In order to make AI usage more consistent and shareable, we stood up an internal skills marketplace pretty quickly. The goal was to align with the Agent Skills open standard, with a focus towards Cursor and Claude since those are the main tools used at Credit Karma and Intuit.

We built the initial version in a few hours using Claude and within a week or so we had shipped several skills for our team and for the company. Our eng plugin covered a few common skills needed to do the SDLC, things like code review, spec generation, and validation workflows. But the bigger win was migration tooling. We own the framework that most Credit Karma services are built on, so being able to give teams a skill that handles dependency upgrades and framework migrations directly in their AI tool was a big step toward the adoption problem we had been trying to solve for years. We are now expanding that same approach for feature enablement as well.

The marketplace stuck because the friction was low on both sides. Contributing a skill was easy since we had standard patterns, built-in evals, and linters that check for basic quality standards. Using a skill was just as easy because the skills plugged directly into the tools engineers were already using, so teams did not have to learn anything new. Other teams saw the value quickly and started contributing their own plugins. The Credit Cards team shipped skills that the Personal Loans team did not know they needed until they could see them in one place. It also meant future proofing, since the skills and plugins could be easily integrated into the broader Intuit ecosystem. In the end, the marketplace became a standard at Credit Karma.

Knowledge sharing

Finally, we stood up a weekly open discussion for the team to talk about what is working and what is not with AI tools. No formal agenda, no slides, just a space for folks to compare notes with each other.

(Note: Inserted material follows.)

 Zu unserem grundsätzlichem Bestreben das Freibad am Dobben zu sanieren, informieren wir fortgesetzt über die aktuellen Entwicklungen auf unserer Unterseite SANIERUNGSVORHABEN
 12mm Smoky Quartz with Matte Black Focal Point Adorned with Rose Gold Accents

People keep showing up because the discoveries are real. Someone found that /branch in Claude changed how they manage parallel work, and that rippled across the whole team within a week. Developer setups vary wildly, the same way IDE preferences do. Some folks run tmux heavy workflows, others have built their own tools on top of AI. Seeing how other people work surfaces ideas you would never arrive at on your own.

One recurring thread that keeps coming up is context management, specifically how to structure repositories and documentation so that AI tools have the right information available. We have not landed on a definitive answer yet, but we are starting to converge on the idea that more context should live in the repository itself, close to the code it describes.

What we found

Our team now has the highest AI tool usage in our division, and that is reflected in the overall velocity our team sees. We generally gauge success based on the number of PRs and the turnaround time of PRs, avoiding metrics like lines of code and instead focusing on whether we are delivering more frequently than we were a year ago before we had access to these tools.

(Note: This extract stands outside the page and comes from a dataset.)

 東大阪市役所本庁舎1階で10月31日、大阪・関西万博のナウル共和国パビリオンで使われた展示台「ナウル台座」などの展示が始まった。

It was not all clean though. Total PR count went up, but so did time to review. Not because reviewers could not keep up, but because it exposed a gap in ownership around who should actually review these things. That problem existed before AI tooling, but it was invisible when the volume of PRs naturally worked itself out. Higher throughput made the bottleneck obvious. We also had to deal with scope creep in individual PRs. It is very easy to tack on one more small thing with an LLM, and people do. PR quality stayed roughly the same, but keeping scope tight became a new thing we had to be more intentional about.

What is next

The adoption question is mostly answered for our team at this point. The problems we are working through now are the ones that come after adoption: tighter guardrails around code quality and complexity, more deterministic validation and automation, more consistent usage of certain skills for certain stages of the development process, and better standards around capturing and sharing knowledge. Most of these were problems before AI. They are just amplified now that the team is moving faster.